* _STORED DATA_:
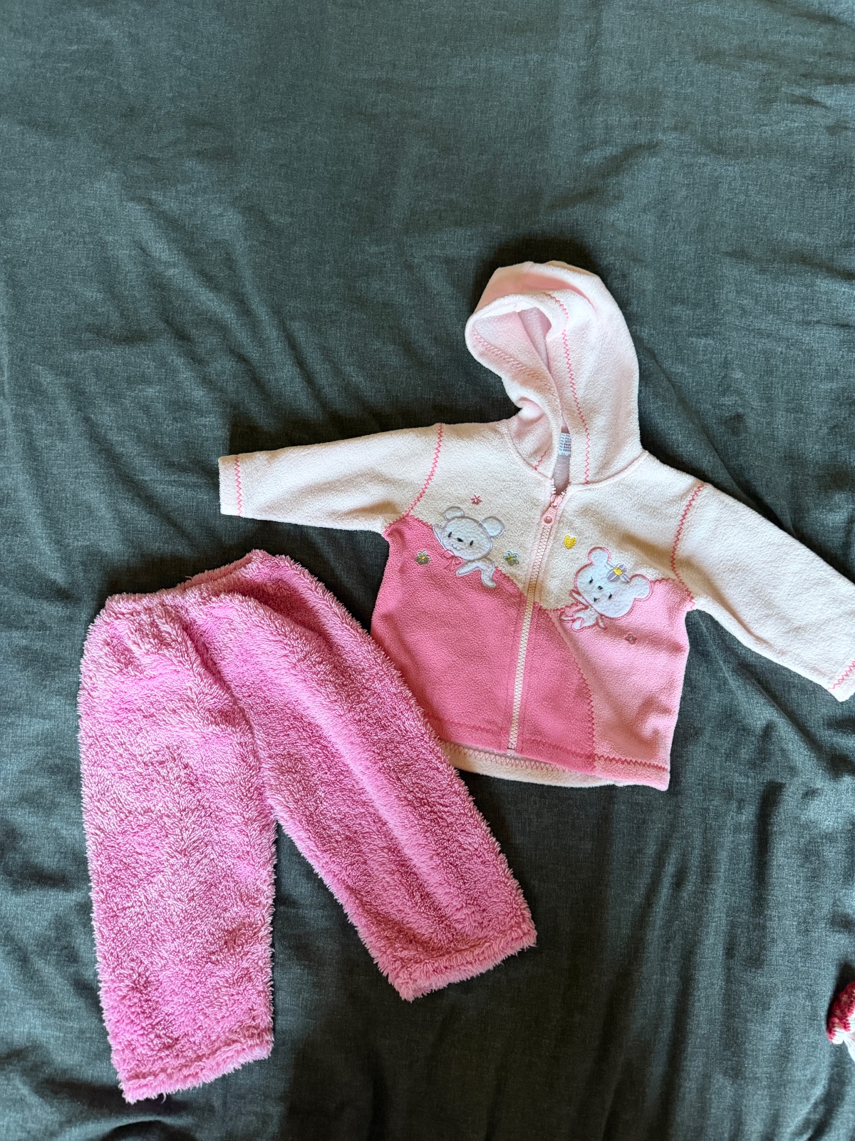 Súpravy a komplety: Ružová flísová súprava (mikina s kapucňou + mäkučké nohavice), kvetované šaty.
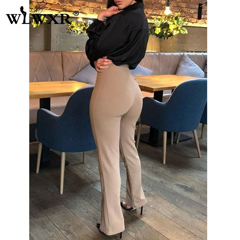 WLWXR повседневные широкие летние облегающие брюки с разрезом, женские офисные брюки с высокой талией, женские брюки, женские расклешенные обтягивающие сексуальные брюки
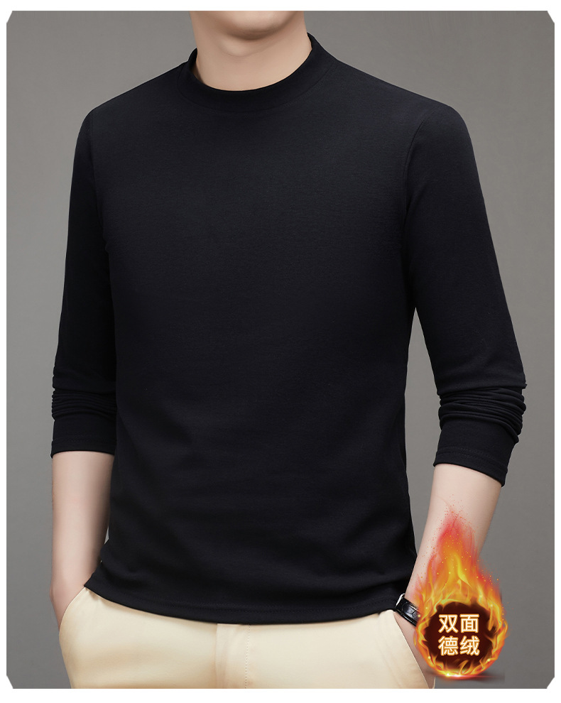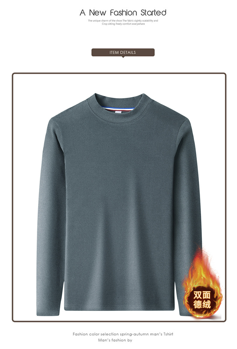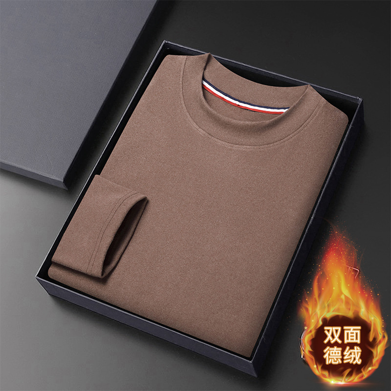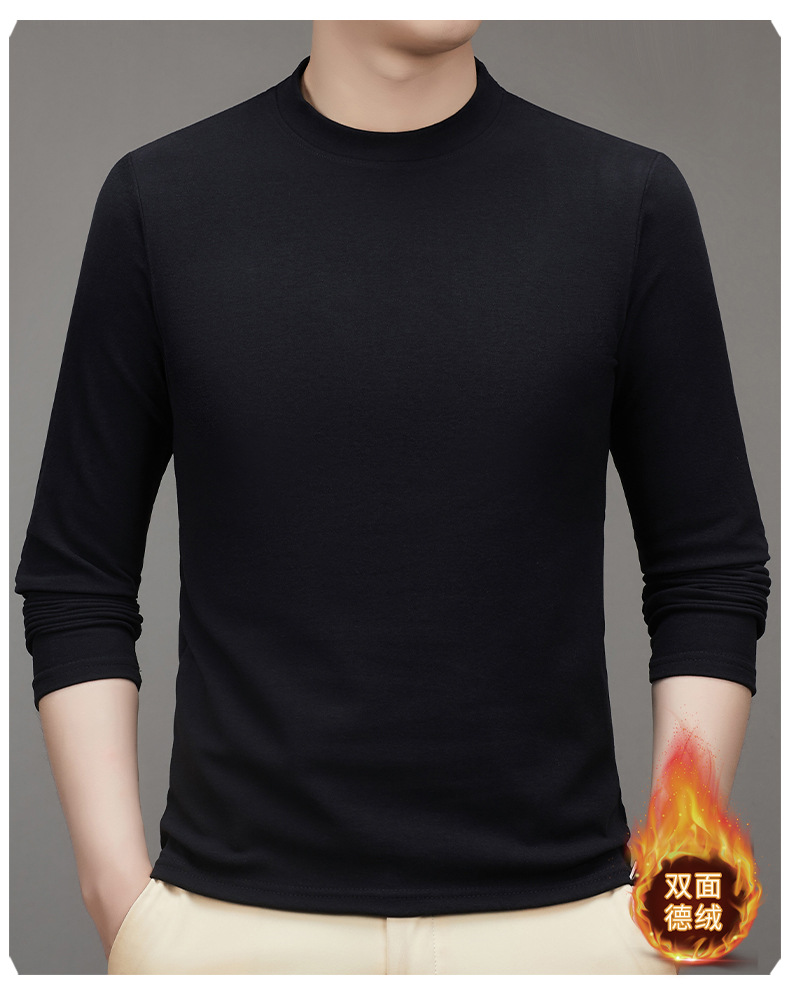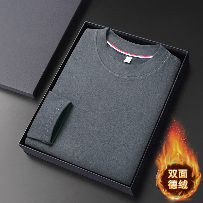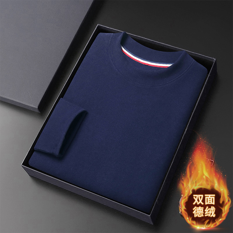中领德绒卫衣男士秋冬款加绒加厚圆领打底衫双面绒半高领爸爸男装

* _TASK INSTRUCTIONS_:
Repeat the data verbatim, excluding all pictures.

* _SOLUTION_:
 Súpravy a komplety: Ružová flísová súprava (mikina s kapucňou + mäkučké nohavice), kvetované šaty.
 WLWXR повседневные широкие летние облегающие брюки с разрезом, женские офисные брюки с высокой талией, женские брюки, женские расклешенные обтягивающие сексуальные брюки
中领德绒卫衣男士秋冬款加绒加厚圆领打底衫双面绒半高领爸爸男装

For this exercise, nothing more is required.